Valisure has done excellent work proving that generics are not all equivalent by checking the chemical makeup of medications before they reach consumers. “Every medication or supplement Valisure analyzes comes with a certificate of analysis listing important chemical properties of the samples analyzed at Valisure’s lab.
For those patients who want to know exactly what is going on each batch of pills they get, Valisure is an option.
Light At The Tunnel’s End?
Stockman ends her article on the sick US generic system with a ray of sunshine:
The realization that the free market isn’t working for generic drugs has led some to turn to nonprofits as a solution. In 2018, Dan Liljenquist, a Utah health care executive fed up with drug shortages and price spikes, brought together a group of hospital administrators and philanthropists to create a buyers club. Members agree on the drugs they want, and then the organization, Civica Rx, enters into long-term contracts with licensed manufacturers to produce them. Since the collective is funded by its members, not investors, it can prioritize need and quality over profit.

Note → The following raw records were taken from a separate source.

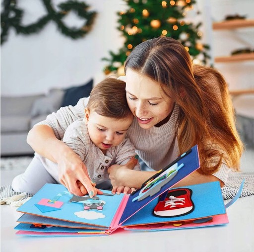 ❤️ Filcowa książeczka dla maluchów posiada wiele funkcji, takich jak obracanie rączek, wiązanie sznurowadeł, zegar, pogoda, mycie zębów hipopotama, tabliczka antystresowa, kolorowa łamigłówka, gra w dopasowywanie, wyciąganie rzodkiewki.
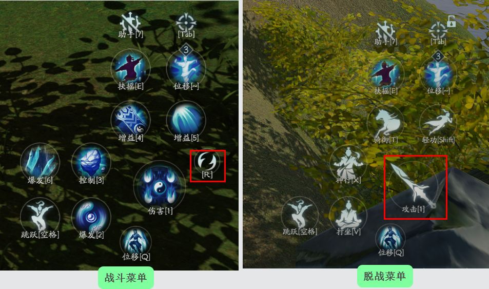 这里是角色的快捷技能栏,可以通过红框内的图标进行战斗菜单和脱战菜单的切换。
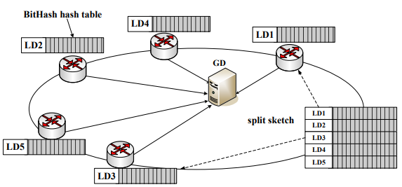 a piece of a sketch, that is, a hash table of a special designed bitwise hash function; in this way the LD aggregates packets into bitwise flows according to certain bits in their destination IPs (dstIP). The aggregation significantly reduces the scale of time-series measurement data of network traffic. LDs thus can detect when network anomalies occur and identify flows that involves these anomalies, using a PCA-based anomaly detection method. The method is like [6] and extended for identifying more than one anomalous flow. LDs send very little data to the GD including IDs of Anomalous Flows (AF). In view of the whole F-LOW system, all hash tables performed by LDs constitute a virtual sketch, called split sketch. The GD integrates flow IDs into split sketch and determines anomalies pervading all over the network as DDoS attacks. Taking advantage of bitwise hash functions, the GD can reconstruct (partial) victim IPs of DDoS attacks reversely with much lower computational cost and smaller space requirement than previous work [8][9][10].
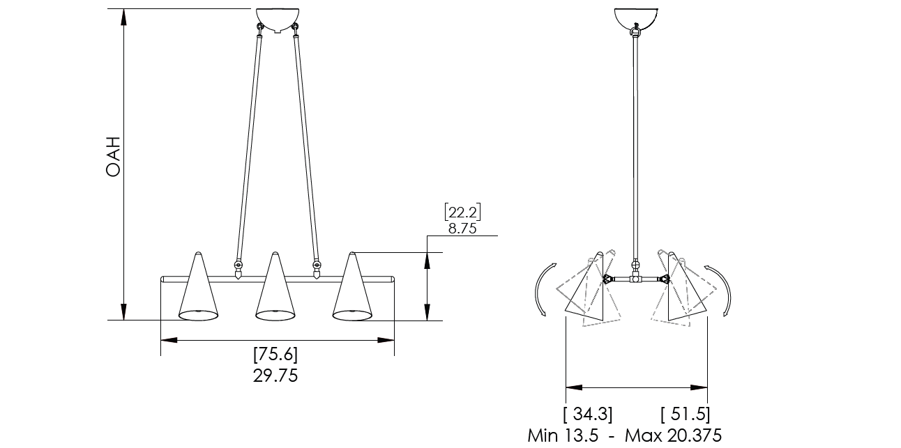 W 13.5 in - 20.375 in / 34.3 cm - 51.5 cm
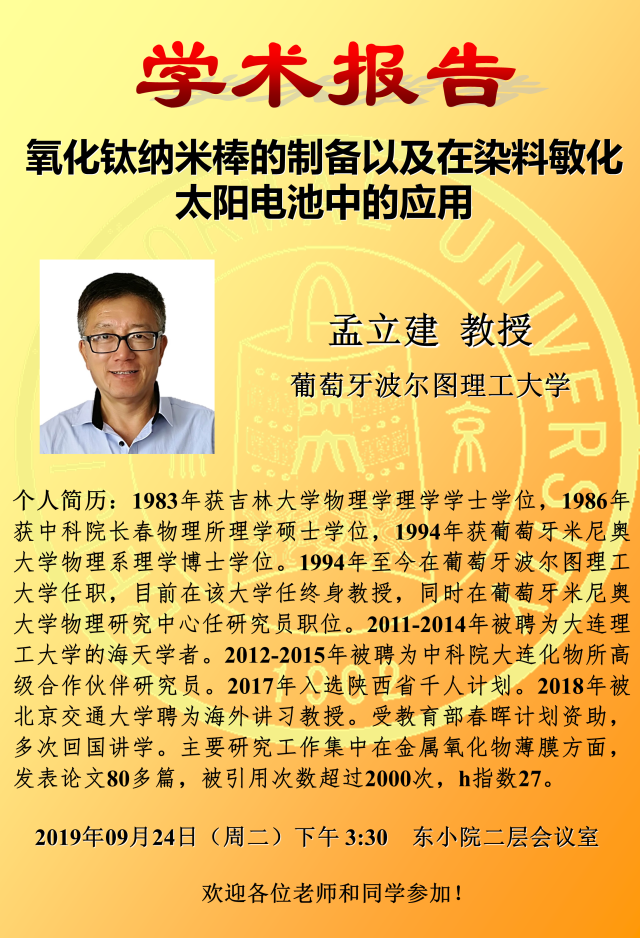 学术报告:葡萄牙波尔图理工大学,孟立建教授,氧化钛纳米棒的制备以及在染料敏化太阳电池中的应用
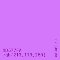 Цвет #D577FA в цветовой модели RGB обозначается тремя октетами (213, 119, 250) в десятичном формате и #D577FA в шестнадцатиричном (hex) формате, которые являются интенсивностью красного 213 (hex D5), интенсивность зелёного 119 (hex 77) и интенсивность синего 250 (hex FA).
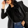 BOOHOO Faux Fur Trim Oversized Aviator Vest
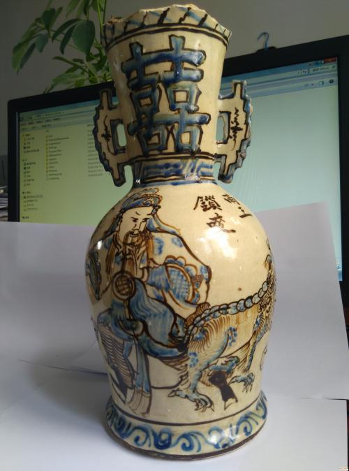 磁州窯是中國(guó)老窯口中民窯的代表,其產(chǎn)品具有濃郁的鄉(xiāng)土氣息和市井風(fēng)情。其繪畫或書法風(fēng)格往往粗獷豪放,灑脫不羈。但灑脫不等于隨意、孱弱。一件瓷器從練泥、做胎到施釉、繪畫及至最后燒成,是相當(dāng)復(fù)雜的一個(gè)過(guò)程。即便是民窯產(chǎn)品,為了使做出來(lái)的東西像樣、有市場(chǎng),在繪畫的時(shí)候,工匠還是相當(dāng)用心的,而且他畫或者寫的都是日復(fù)一日練得純熟的內(nèi)容,都有著一定的功力。而新仿的磁州窯瓷器往往為了追求民窯特點(diǎn),過(guò)于隨意,常常故意畫的散亂,人為夸張,而書法也常常孱弱無(wú)力,章法松散,露了破綻。

Civica doesn’t pretend that all drugs are equal. It sources drugs from the United States and Europe so it has more visibility into the supply chain. It stockpiles several months of supply, bucking the trend of just-in-time manufacturing. And it supplies drugs that the market has failed to reliably produce. Today, it counts more than 50 health systems as members — over a third of all licensed hospital beds in the United States.
In January, a month after the announcement that the old Mylan plant would shut down, Civica unveiled plans to build a 120,000-square-foot factory in Virginia to make sterile injectable drugs, which have been particularly hard to source. The nonprofit has begun to supply hospitals with vancomycin, an antibiotic used to treat severe pneumonia, which had been scarce and expensive for years prior. Civica’s prices are competitive, but not rock-bottom.
The American generic drug supply is quite ill as a full read of Stockman’s article reveals.
To cure this illness, Americans need to pay careful attention to how generic substitutions are working, consider utilizing pharmacies like Valisure which validate the purity of medications, and elect local and federal officials who will work toward a comprehensive system of both drug prices and quality control.
If you are a health care administrator/executive or businessman get behind organizations like Civica Rx or create one of your own.